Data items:

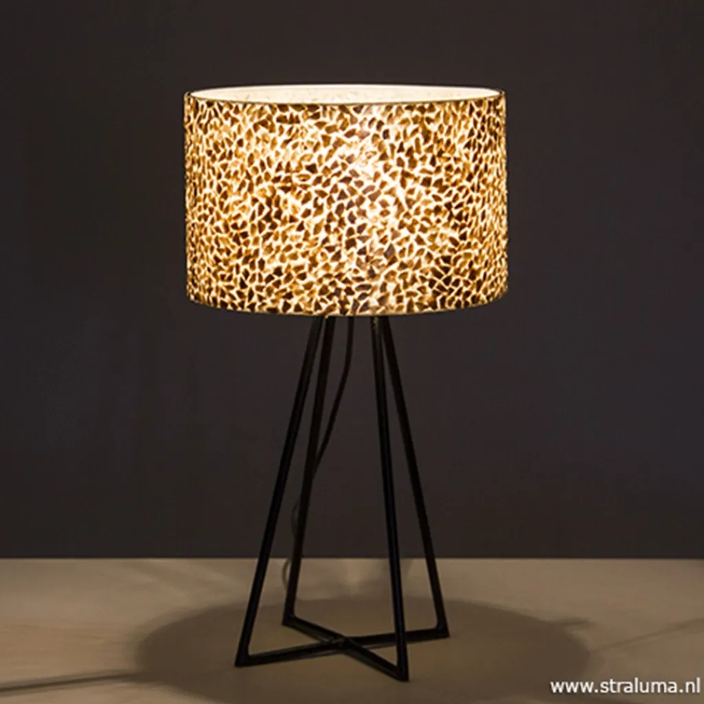Straluma Tafellamp metaal met schelpen kap> Schelpenlampen|Woonkamerlampen
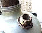 Il s'agit là d'un vase d'expansion de Renault 5 (trouvé à la casse). D'origine il a un orifice dans le fond, ce qui nous permet d'y raccorder l'arrivée d'essence. |
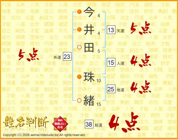 今(4画)井(4画)田(5画) 珠(10画)緒(15画)
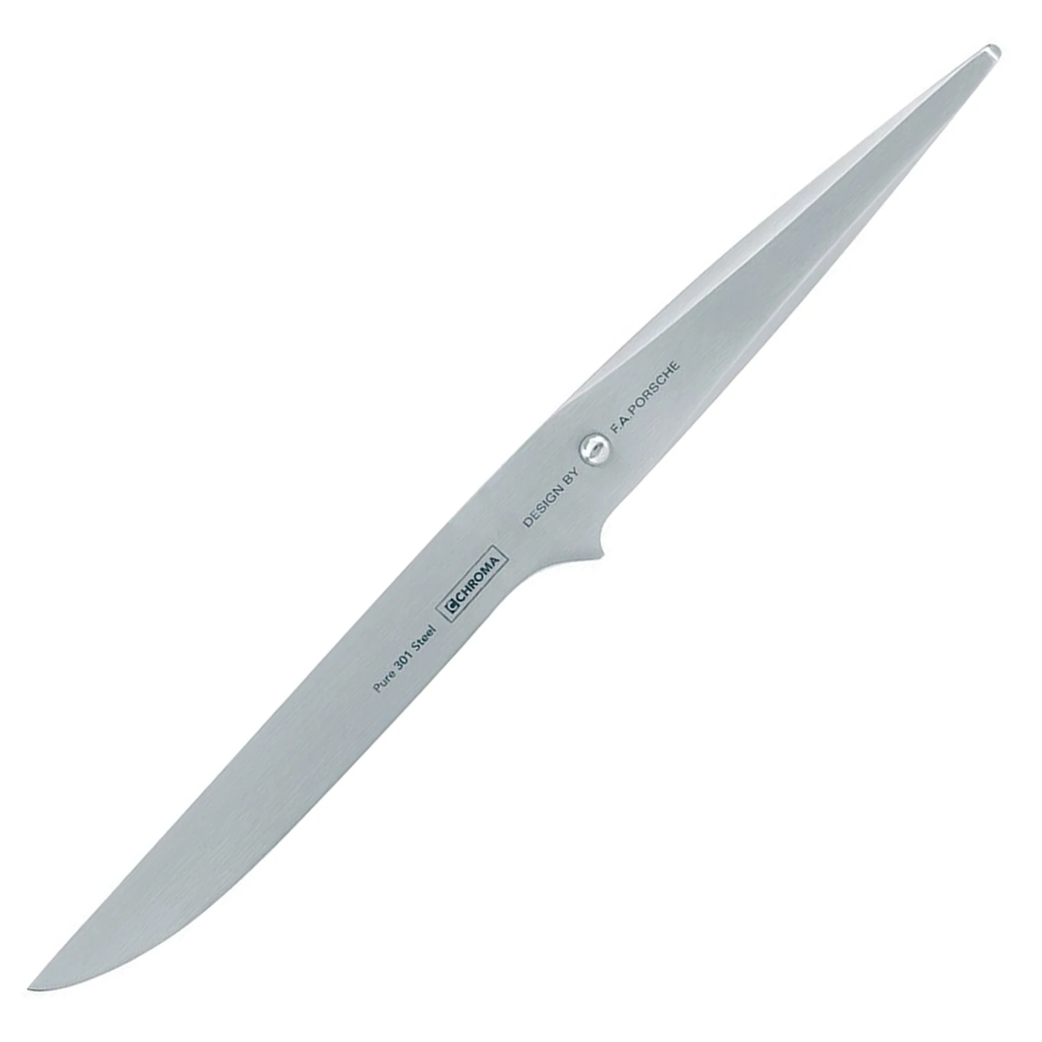 The handle of the CHROMA type 301 – Design by F.A. Porsche is constructed of stainless steel, and the blade is made of high-quality Japanese 301 steel. The blade of each knife is carefully razorsharp sharpened by the hand of a master.
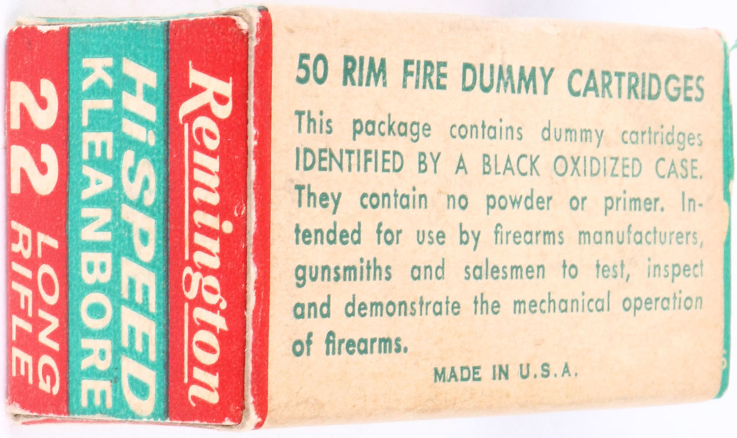 Remington, Hi-Speed Kleanbore, .22 Long Rifle Dummy Cartridges, Not in RHWeb, Full, 1pc. Red green & white box with white & green over label, box is solid with excellent color, some age soiling to top of label, very minor corner wear, edges are crisp, end flaps are solid, ammo is excellent. Grade: Excellent + - Value: 6 to 30
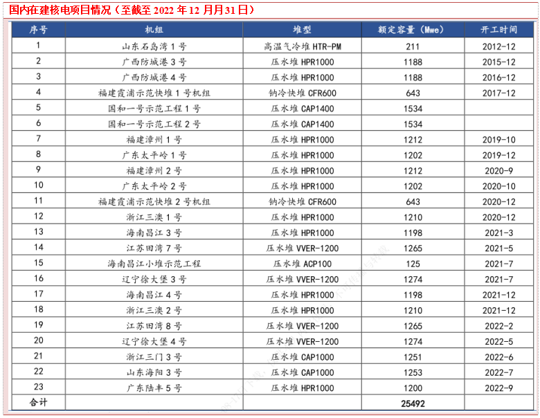 参考我国已经投产的三代核电机组包括中国广核旗下的台山核电(EPR)、中国核电旗下三门核电(AP1000)以及“华龙一号”。
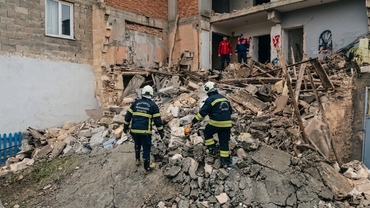 Gaziantep’in Nizip ilçesinde öğle saatlerinde meydana gelen bina çökmesi, mahalle sakinlerine büyük korku yaşattı. Nizip ilçesi Pazar Cami Çay Sokak’ta bulunan ve oldukça eski olduğu öğrenilen iki katlı kerpiç bina, bölgede etkisini sürdüren şiddetli sağanak yağışın ardından taşıyıcı kolonlarının yumuşaması sonucu büyük bir gürültüyle çöktü. Çökme anında çevredeki vatandaşların ihbarı üzerine Gaziantep Büyükşehir Belediyesi İtfaiye ekipleri, polis, UMKE, AFAD ve 112 Acil Sağlık ekipleri saniyeler içinde olay yerine intikal etti.
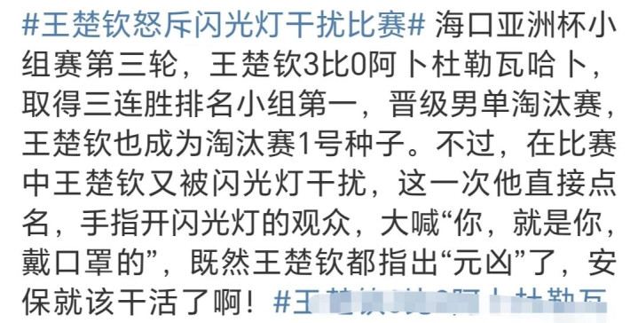 无独有偶在小组赛第二轮王楚钦对阵印度选手阿卡什·帕尔第二局9比6王楚钦领先的时候,观众席上有位观众突然大喊,这是因为观众席上有人开了闪光灯,这位大喊的观众就是怒斥这位开闪光灯的观众,但是因为这位球迷的声音太大,影响到了场上的运动员,于是王楚钦直接发火,指着这位观众:闭嘴吧!
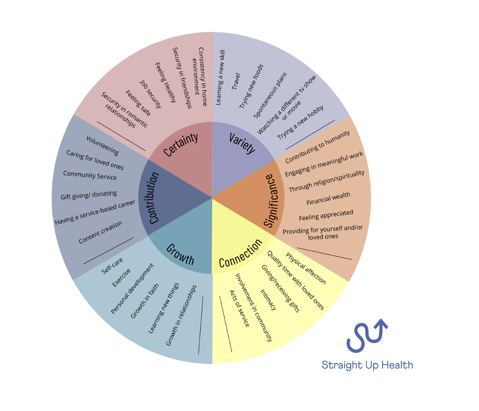 Try it out! The diagram below is a needs wheel. It outlines some common needs humans have. Take some time to go through the needs wheel and I identify which needs feel most relevant for you - or, write a list of your own top 10 needs.
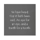 Matthew 5 38. Get yourself re-verse-d to faith with this inspiring bible verse or scripture quote to find christian healing strength, encouragement and powerful uplifting to overcome hard times. Show and wear beautiful religious wisdom of love, hope, peace, joy and happiness to comfort yourself and to plant a seed of belief in your spirit or use it as a gift for the ones you love. Amen.
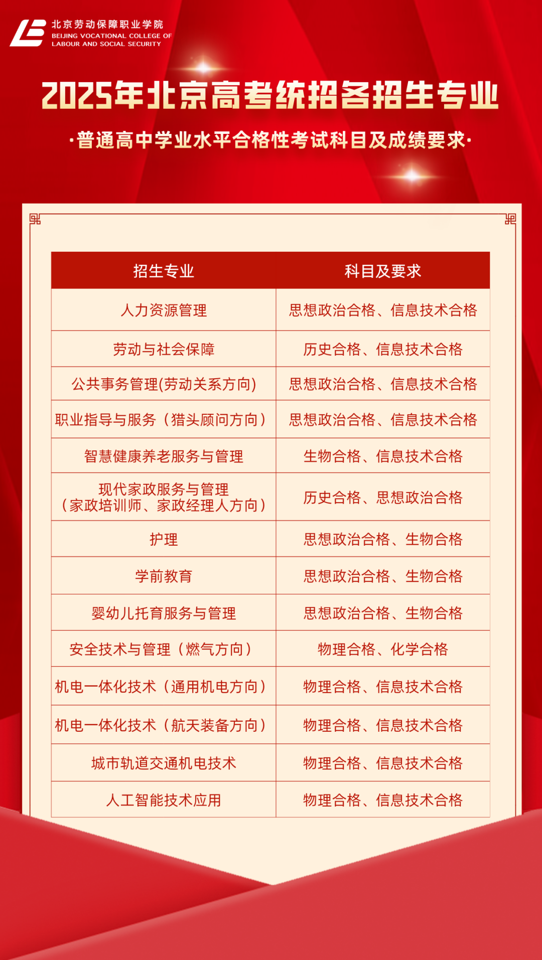 2025年北京高考统招各招生专业普通高中学业水平合格性考试科目及成绩要求
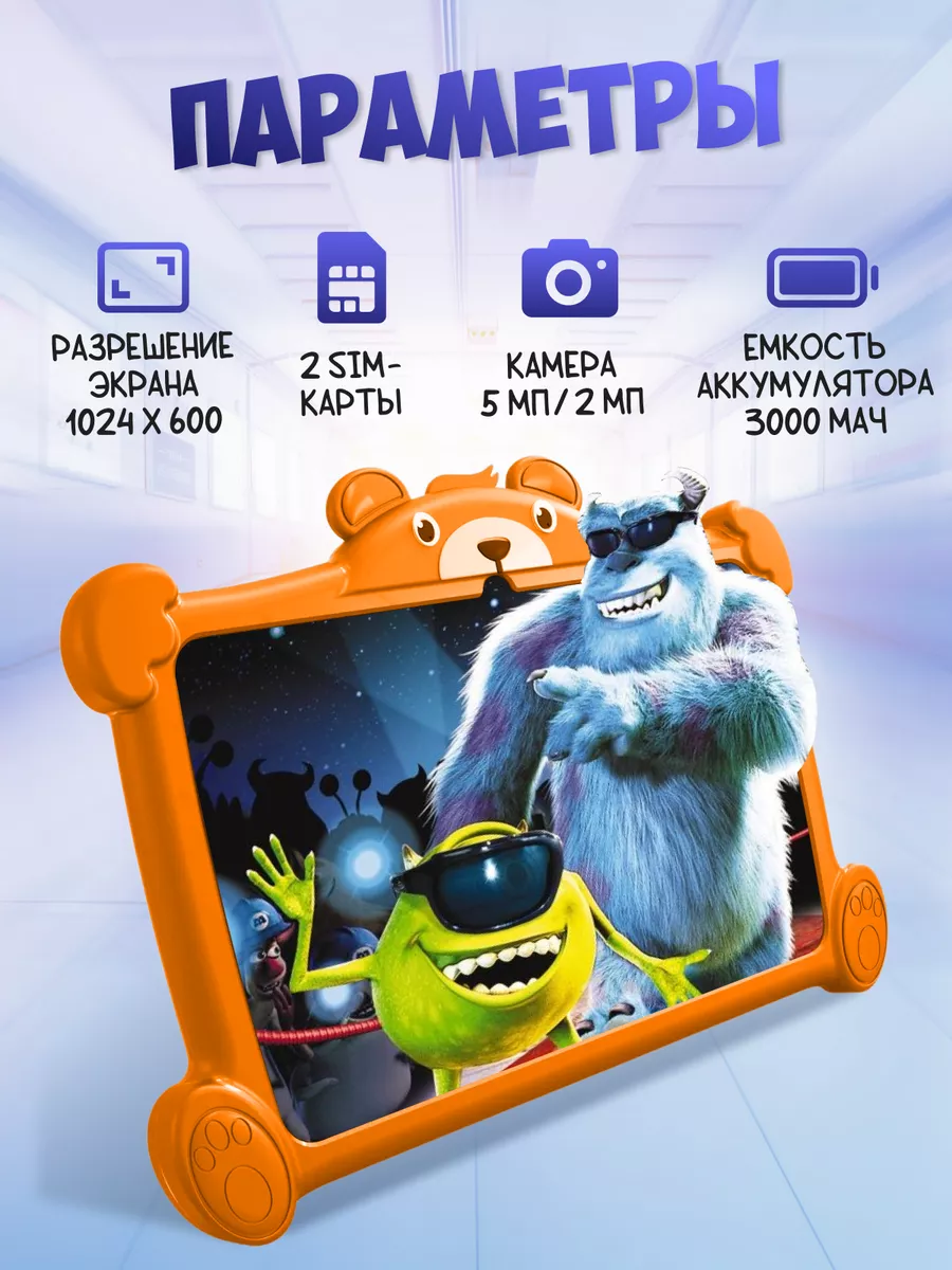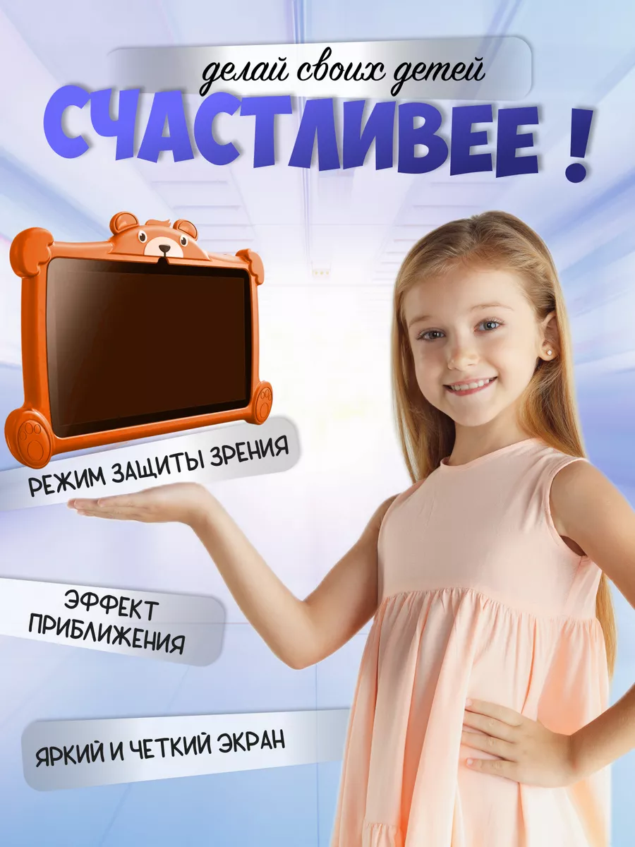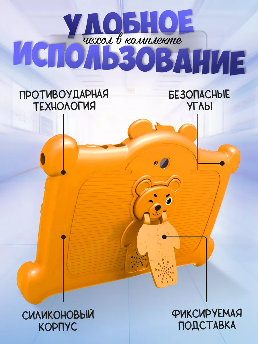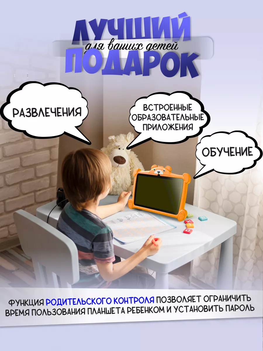Планшет Детский с родительским контролем, 4+64ГБ, Android 11.0, Оранжевый интересное:

TASK DIRECTIONS =>
For this exercise, copy each line of the data above exactly, from the first through the line containing "参考我国已经投产的三代核电机", and drop the pictures.

ANSWER =>
Straluma Tafellamp metaal met schelpen kap> Schelpenlampen|Woonkamerlampen
 Il s'agit là d'un vase d'expansion de Renault 5 (trouvé à la casse). D'origine il a un orifice dans le fond, ce qui nous permet d'y raccorder l'arrivée d'essence. |
 今(4画)井(4画)田(5画) 珠(10画)緒(15画)
 The handle of the CHROMA type 301 – Design by F.A. Porsche is constructed of stainless steel, and the blade is made of high-quality Japanese 301 steel. The blade of each knife is carefully razorsharp sharpened by the hand of a master.
 Remington, Hi-Speed Kleanbore, .22 Long Rifle Dummy Cartridges, Not in RHWeb, Full, 1pc. Red green & white box with white & green over label, box is solid with excellent color, some age soiling to top of label, very minor corner wear, edges are crisp, end flaps are solid, ammo is excellent. Grade: Excellent + - Value: 6 to 30
 参考我国已经投产的三代核电机组包括中国广核旗下的台山核电(EPR)、中国核电旗下三门核电(AP1000)以及“华龙一号”。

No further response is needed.